## TASK TO CARRY OUT
The lines to extract run from the start of the records through the line with "The Cooper Side", both ends included; drop the pictures.
+-------+
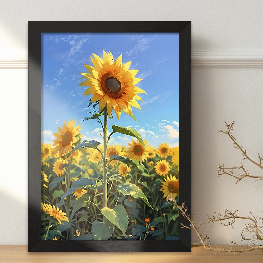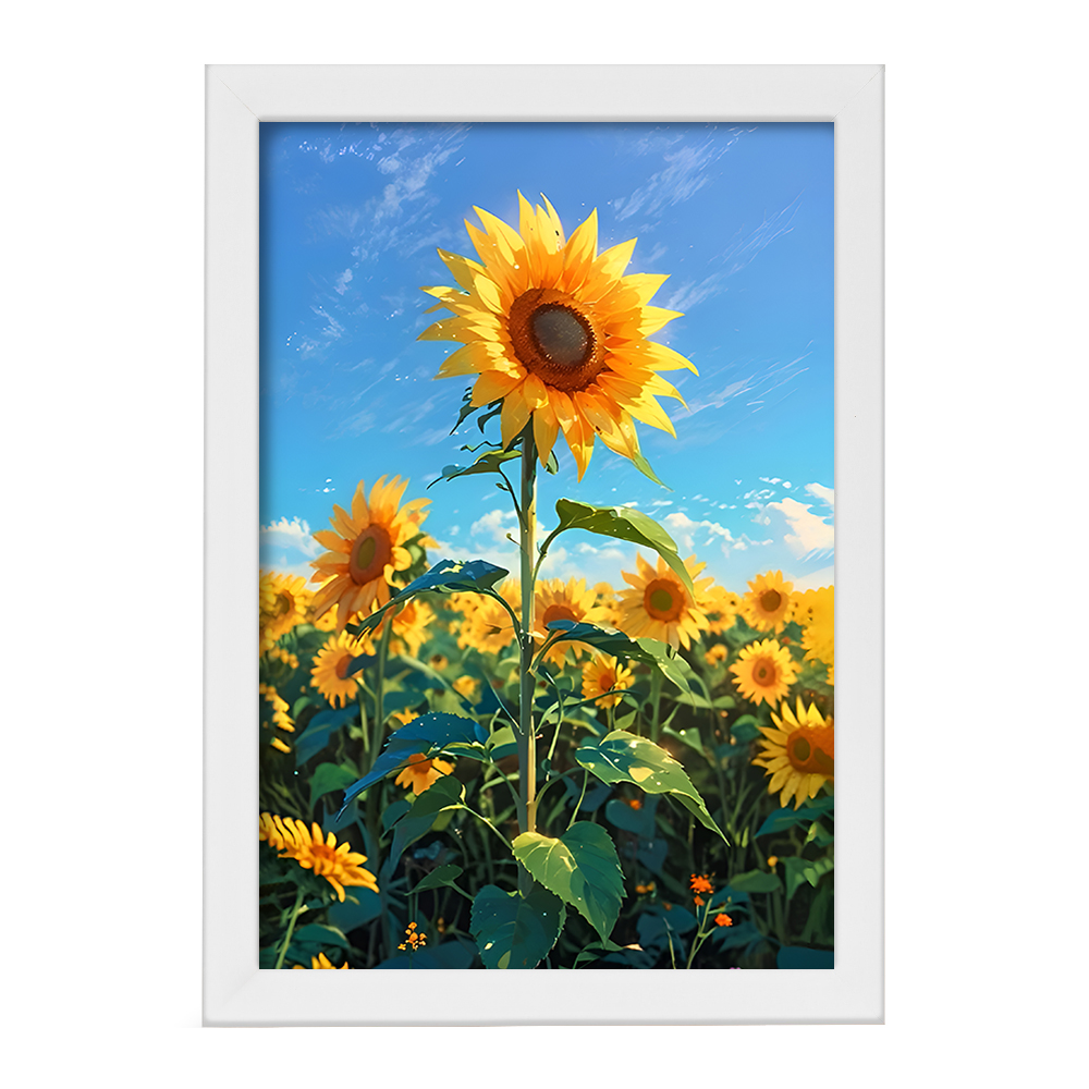 تابلو یا قاب عکس مزرعه گل آفتابگردان خندالو در ابعاد مختلف با استفاده از بهترین برند پروفیل پی وی سی دو سانتی متری بسیار مرغوب، تولید شده اند و در مونتاژ و نصب آنها نهایت دقت در قرارگیری هر چه دقیق تر لبه ها به یکدیگر صورت گرفته است. همچنین در پشت قاب ها گیره ای برای اتصال راحت به دیوار تعبیه شده است. چاپ طرح تابلوی مزرعه گل آفتابگردان با بالاترین کیفیت بوسیله چاپگرهای دیجیتال شش رنگ و کاغذ با کیفیت عکاسی انجام شده و بر روی آن شیشه ای با کیفیت و شفاف در سطح قاب قرار گرفته که از کاغذ عکس محافظت میکند. بسته بندی تابلوها جعبه های مقاوم و محکمی بوده که علاوه بر محافظتی که از بدنه قاب می کند، ظاهر جذابی دارد و تابلوی مزرعه گل آفتابگردان را بدل به محصولی مناسب هدیه کرده است. تابلوهای خندالو با تنوع طرحی بسیار بالا شامل تابلو های دکوراتیو قابل استفاده در اتاق کودک، محل کار و منازل می باشد که سلیقه هر مخاطبی را پوشش می دهد، ضمن اینکه امکان تعویض عکس موجود در قاب وجود داشته و می توان عکس های خانوادگی و … را نیز در آن قرار داد.
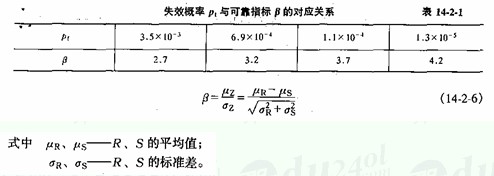用失效概率度量结构构件的可靠度,概念合理,意义明确,但在计算上较繁,可以用与失效概率有相应关系的可靠指标β来度量,见表 14-2-1 。
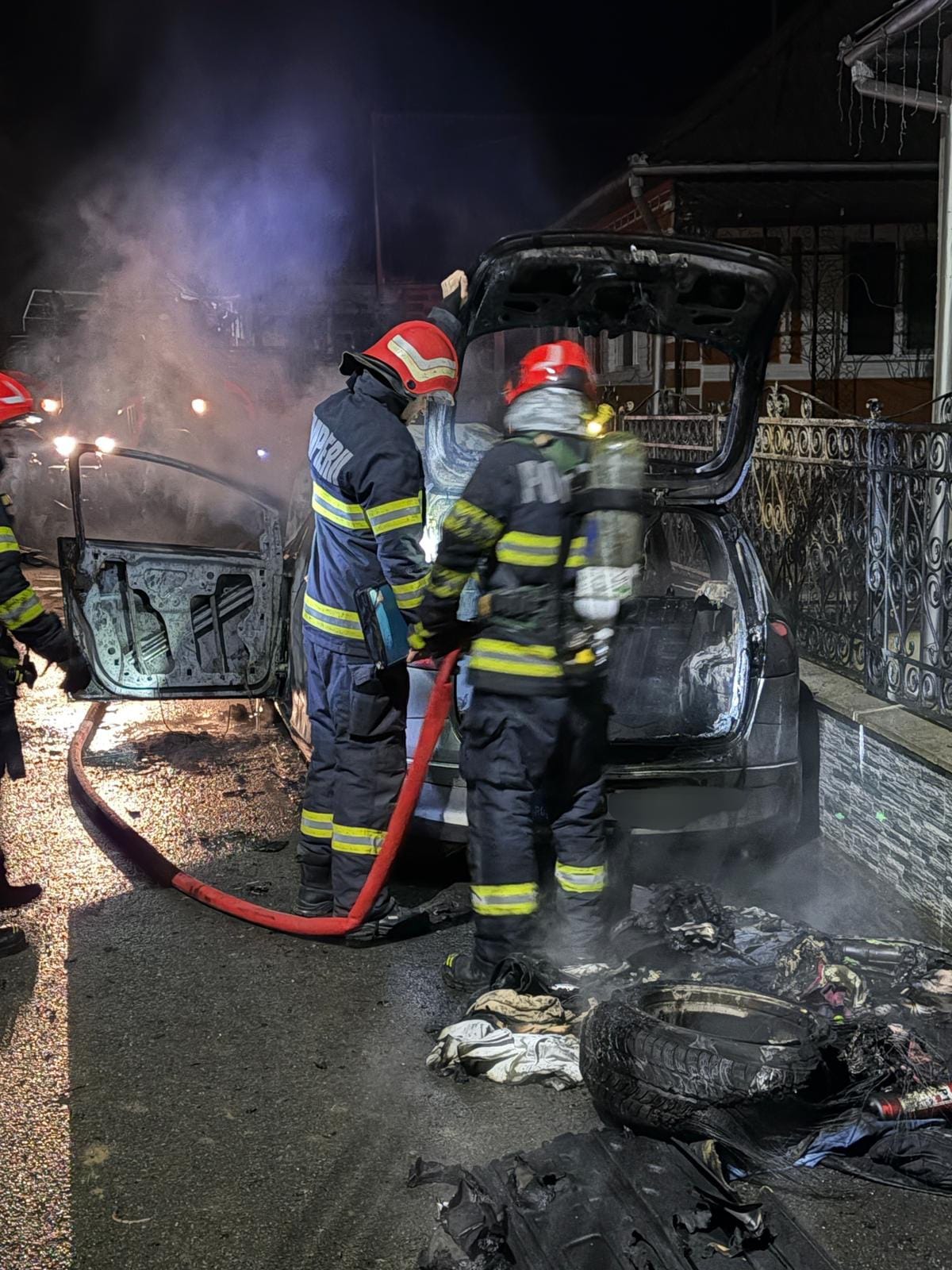 În cursul nopții, în jurul orei 02.30, un echipaj de pompieri, SVSU și un echipaj SAJ au intervenit la un incendiu izbucnit la un autoturism în localitatea Căianu Mic.
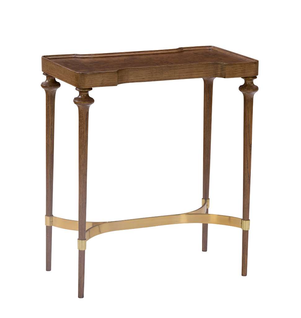 The Cooper Side Table pays homage to Hickory Chair’s traditional roots. It features delicately carved legs that taper to a point, a carved border that encases a beautiful burl top, and is accented with a delicate brass metal stretcher. Only available as shown, this finish is a cousin to Hickory Chair's Chestnut finish.
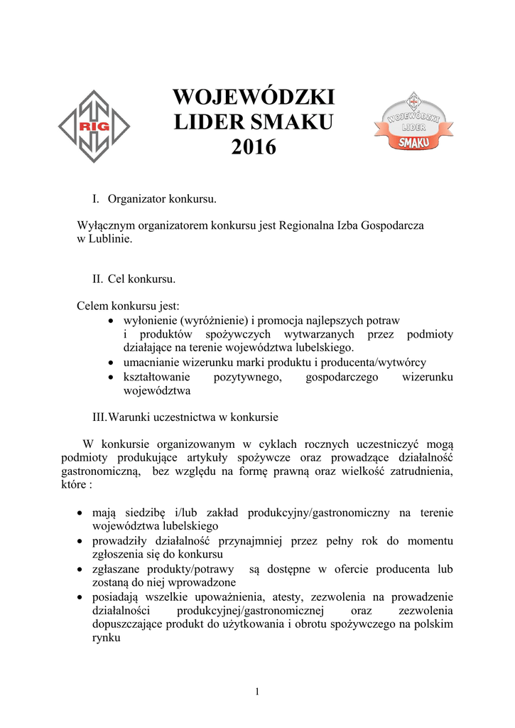 WOJEWÓDZKI LIDER SMAKU 2016 I. Organizator konkursu. Wyłącznym organizatorem konkursu jest Regionalna Izba Gospodarcza w Lublinie. II. Cel konkursu. Celem konkursu jest: wyłonienie (wyróżnienie) i promocja najlepszych potraw i produktów spożywczych wytwarzanych przez podmioty działające na terenie województwa lubelskiego. umacnianie wizerunku marki produktu i producenta/wytwórcy kształtowanie pozytywnego, gospodarczego wizerunku województwa III. Warunki uczestnictwa w konkursie W konkursie organizowanym w cyklach rocznych uczestniczyć mogą podmioty produkujące artykuły spożywcze oraz prowadzące działalność gastronomiczną, bez względu na formę prawną oraz wielkość zatrudnienia, które : mają siedzibę i/lub zakład produkcyjny/gastronomiczny na terenie województwa lubelskiego prowadziły działalność przynajmniej przez pełny rok do momentu zgłoszenia się do konkursu zgłaszane produkty/potrawy są dostępne w ofercie producenta lub zostaną do niej wprowadzone posiadają wszelkie upoważnienia, atesty, zezwolenia na prowadzenie działalności produkcyjnej/gastronomicznej oraz zezwolenia dopuszczające produkt do użytkowania i obrotu spożywczego na polskim rynku 1 terminowo złożyły w Sekretariacie konkursu deklarację uczestnictwa wraz z ankietą i kompletem załączników wniosły opłatę konkursową IV. Sekretariat konkursu Sekretariat konkursu mieści się w siedzibie Regionalnej Izby Gospodarczej w Lublinie przy ul. Dolnej 3-go Maja 8/9. Sekretariat pełni funkcje administracyjne związane z prowadzeniem i nadzorem przebiegu konkursu w jego części techniczno-organizacyjnej. V. Kapituła konkursu. 1.Kapitułę konkursu stanowią osoby o stosownej wiedzy merytorycznej, cieszące się autorytetem i powszechnym zaufaniem, zaproszone przez Prezesa Zarządu RIG do udziału w pracach Kapituły, w tym w szczególności eksperci z dziedziny higieny, jakości oraz technologii żywności i żywienia. 2. Kapituła liczy 6-9 osób. 3. Kapitułę powołuje się na każdą edycję konkursu. 4. Na pierwszym posiedzeniu Kapituła wybiera ze swojego składu Przewodniczącego i Wiceprzewodniczącego. 5. Posiedzenia Kapituły zwołuje pisemnie Przewodniczący lub jego Zastępca. Obrady Kapituły są protokołowane. Decyzje podejmowane są w formie uchwał zwykłą większością głosów. W przypadku równej liczby głosów, rozstrzygający jest głos Przewodniczącego posiedzenia. VI. Przebieg konkursu. Konkurs przebiega w dwóch etapach: 1. Etap pierwszy Organizator konkursu ogłasza konkurs, zaprasza podmioty do udziału, udziela wszelkich informacji związanych z konkursem oraz przyjmuje zgłoszenia wraz z kompletami materiałów Kapituła konkursu dokonuje oceny potraw i produktów w oparciu o dostarczone materiały i próbki wyrobów (termin dostarczenia podany będzie z wyprzedzeniem), przyznaje odpowiednie ilości punktów i kwalifikuje je do drugiego etapu 2. Etap drugi Przedstawiciele Kapituły dokonują wizytacji wszystkich podmiotów, których wyroby uzyskały kwalifikację do drugiego etapu, w celu zweryfikowania danych zawartych w ankietach 2 oraz zebrania dodatkowych informacji o produkcie/potrawie i producencie Kapituła konkursu na podstawie raportów z wizytacji, oceny organoleptycznej i ankietowej dokonuje wyboru laureatów konkursu w kategorii produkty i kategorii potrawy – eksperci Kapituły w oparciu o ilość i rodzaj zgłoszonych do konkursu wyrobów mogą dokonać dodatkowych podziałów w ramach kategorii. VII. Terminy organizacji konkursu. 1. Ogłoszenie konkursu i zaproszenie do udziału –sierpień 2016 r. 2. Przyjmowanie zgłoszeń wraz z kompletem materiałówdo 15 września 2016 r. 3. Ustanowienie składu osobowego Kapituły- do 30 września 2016 r. 4. Ocena zgłoszonych wyrobów przez Kapitułę – do 30 listopada 2016 r. 5. Wizytacja podmiotów i ocena wyrobów w ramach drugiego etapu – do 31 grudnia 2016 r. 6.Ogłoszenie wyników konkursu i uroczyste wręczenie nagród –luty/marzec 2017 r. Zarząd Regionalnej Izby Gospodarczej ustala szczegółowy harmonogram dla każdej edycji konkursu. VIII. Opłaty konkursowe Zgodnie z pkt. III regulaminu, warunkiem uczestnictwa w konkursie jest wniesienie opłaty, która uzależniona jest od ilości zatrudnionych pracowników : podmioty zatrudniające do 5 pracowników – 600 zł + VAT podmioty zatrudniające od 6 do 20 pracowników – 1000 zł +VAT podmioty zatrudniające od 21 do 50 pracowników – 1300 zł + VAT podmioty zatrudniające od 51 do 250 pracowników – 1700 zł + VAT podmioty zatrudniające powyżej 250 pracowników – 2300 zł + VAT Drugi i kolejny produkt/potrawa zgłoszona do konkursu podlega opłacie wg powyższych stawek pomniejszonych o 50%. Podmioty, których produkty/potrawy zakwalifikowane zostaną do drugiego etapu wnoszą opłatę 450 zł +VAT. Opłaty dokonywane są przez uczestników w terminie 7 dni od daty wystawienia przez Organizatora faktury VAT. 3 IX. Kryteria weryfikacyjne i punktacja 1. Produkt/Potrawa walory smakowe walory zdrowotne wygląd zewnętrzny postrzeganie produktu/potrawy w regionie 2. Producent wyrobu higiena produkcji i organizacja kontroli jakości wygląd zewnętrzny i estetyka obiektów osiągnięcia producenta X. Nagrody. W poszczególnych kategoriach Kapituła konkursu decyduje o przyznaniu nagród głównych (miejsc) oraz wyróżnień. Jej werdykt jest ostateczny. Kapituła zastrzega sobie prawo przyznania dodatkowych nagród i wyróżnień. XI. Postanowienia końcowe. Podmioty, których produkty/potrawy uczestniczyły w konkursie „Wojewódzki Lider Smaku” mają prawo do wykorzystywania logo konkursu wraz z informacją o zdobytym miejscu/wyróżnieniu z określeniem roku, w którym tytuł i nagroda została przyznana. Podmioty przystępujące do konkursu wyrażają zgodę na udostępnienie Kapitule konkursu wszelkich danych niezbędnych do prawidłowej i obiektywnej oceny. Kapituła konkursu zastrzega sobie prawo cofni
+-------+
## TASK RESPONSE
 تابلو یا قاب عکس مزرعه گل آفتابگردان خندالو در ابعاد مختلف با استفاده از بهترین برند پروفیل پی وی سی دو سانتی متری بسیار مرغوب، تولید شده اند و در مونتاژ و نصب آنها نهایت دقت در قرارگیری هر چه دقیق تر لبه ها به یکدیگر صورت گرفته است. همچنین در پشت قاب ها گیره ای برای اتصال راحت به دیوار تعبیه شده است. چاپ طرح تابلوی مزرعه گل آفتابگردان با بالاترین کیفیت بوسیله چاپگرهای دیجیتال شش رنگ و کاغذ با کیفیت عکاسی انجام شده و بر روی آن شیشه ای با کیفیت و شفاف در سطح قاب قرار گرفته که از کاغذ عکس محافظت میکند. بسته بندی تابلوها جعبه های مقاوم و محکمی بوده که علاوه بر محافظتی که از بدنه قاب می کند، ظاهر جذابی دارد و تابلوی مزرعه گل آفتابگردان را بدل به محصولی مناسب هدیه کرده است. تابلوهای خندالو با تنوع طرحی بسیار بالا شامل تابلو های دکوراتیو قابل استفاده در اتاق کودک، محل کار و منازل می باشد که سلیقه هر مخاطبی را پوشش می دهد، ضمن اینکه امکان تعویض عکس موجود در قاب وجود داشته و می توان عکس های خانوادگی و … را نیز در آن قرار داد.
用失效概率度量结构构件的可靠度,概念合理,意义明确,但在计算上较繁,可以用与失效概率有相应关系的可靠指标β来度量,见表 14-2-1 。
 În cursul nopții, în jurul orei 02.30, un echipaj de pompieri, SVSU și un echipaj SAJ au intervenit la un incendiu izbucnit la un autoturism în localitatea Căianu Mic.
 The Cooper Side Table pays homage to Hickory Chair’s traditional roots. It features delicately carved legs that taper to a point, a carved border that encases a beautiful burl top, and is accented with a delicate brass metal stretcher. Only available as shown, this finish is a cousin to Hickory Chair's Chestnut finish.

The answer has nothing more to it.